* _Work to complete_
Print the line that contains "GJ.928c, 1946 Transmission", then every line after it until the entries end, exactly as they read; do not include pictures.

* _Records provided_

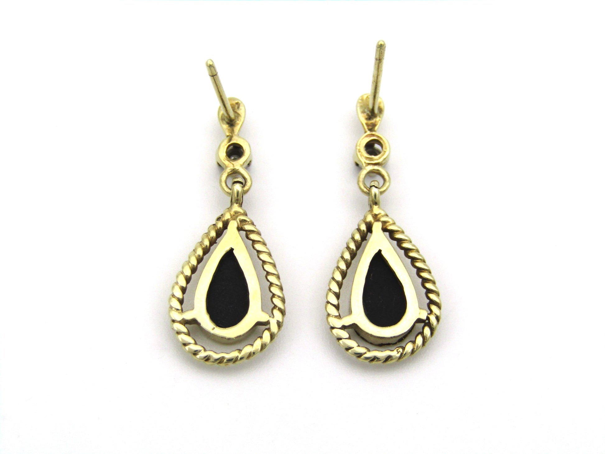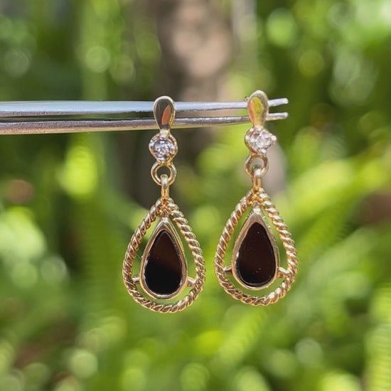 Sophisticated and timeless, these vintage dangle earrings from the 1990s capture the perfect balance of drama and elegance. Crafted in 9K yellow gold, each earring features a striking pear-shaped onyx, framed by a twisted gold border that adds depth and texture. Above, a sparkling diamond accent catches the light with every movement, bringing a touch of brilliance to the bold black gemstone.
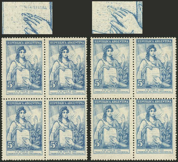 GJ.928c, 1946 Transmission of presidential power, 2 blocks of 4, each one with one stamp of position 55 (plate B) BEFORE AND AFTER the retouch in the fingers, very fine quality!
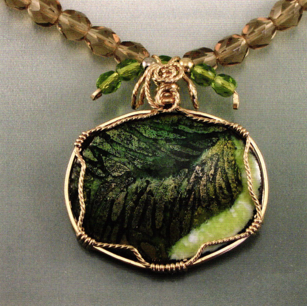 Everyone has long seen gems wrapped in small wire cages with hanging devices, and more recently, the Dichroic glass pendants with their caressing wire sculpture made into a bail for hanging on a chain or neck ring. They do provide a light weight addition to 3-dimensional shapes, making them functional to be worn.
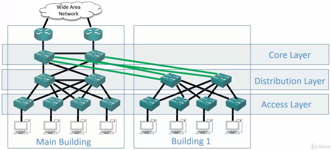 - Notice one pair of Core Layer switches vs. multiple pairs of distribution layer switches per building.
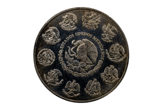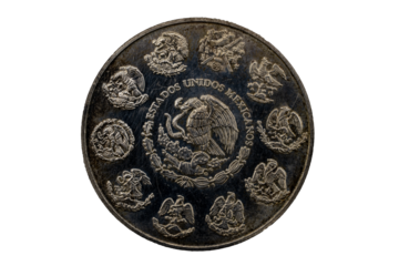 Anverso de la onza troy de plata mexicana de 2003 con imagen de las diferentes águilas devorando una serpiente.
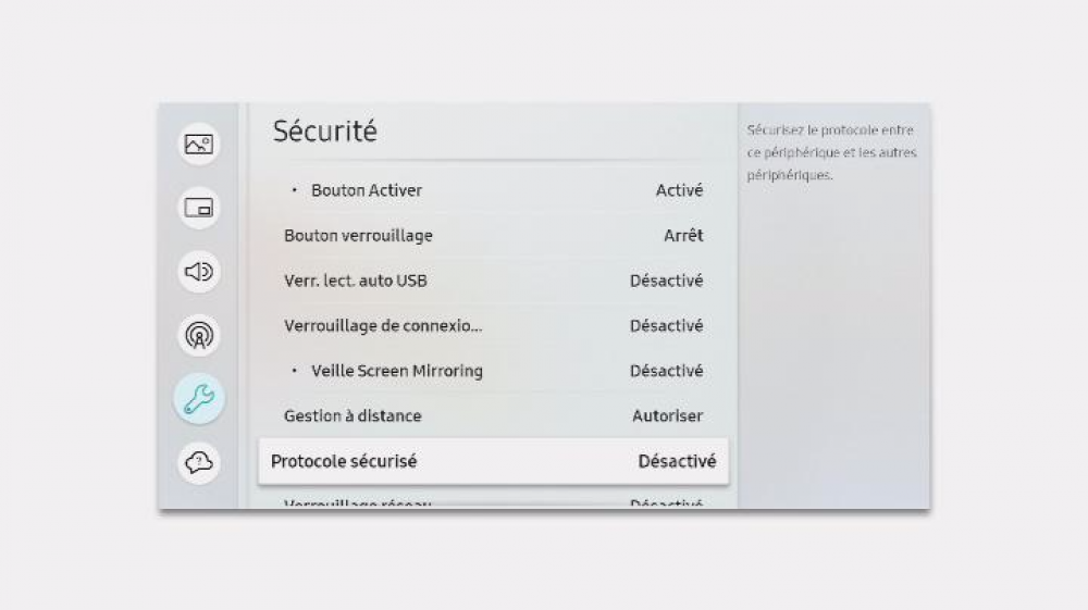 Ce guide détaille chaque fonction de sécurité des écrans Tizen, certaines options ne seront pas disponibles selon le modèle de votre écran, n'hésitez pas à nous faire remonter l'information si vous découvriez un manque.

* _Output for this exercise_
 GJ.928c, 1946 Transmission of presidential power, 2 blocks of 4, each one with one stamp of position 55 (plate B) BEFORE AND AFTER the retouch in the fingers, very fine quality!
 Everyone has long seen gems wrapped in small wire cages with hanging devices, and more recently, the Dichroic glass pendants with their caressing wire sculpture made into a bail for hanging on a chain or neck ring. They do provide a light weight addition to 3-dimensional shapes, making them functional to be worn.
 - Notice one pair of Core Layer switches vs. multiple pairs of distribution layer switches per building.
 Anverso de la onza troy de plata mexicana de 2003 con imagen de las diferentes águilas devorando una serpiente.
 Ce guide détaille chaque fonction de sécurité des écrans Tizen, certaines options ne seront pas disponibles selon le modèle de votre écran, n'hésitez pas à nous faire remonter l'information si vous découvriez un manque.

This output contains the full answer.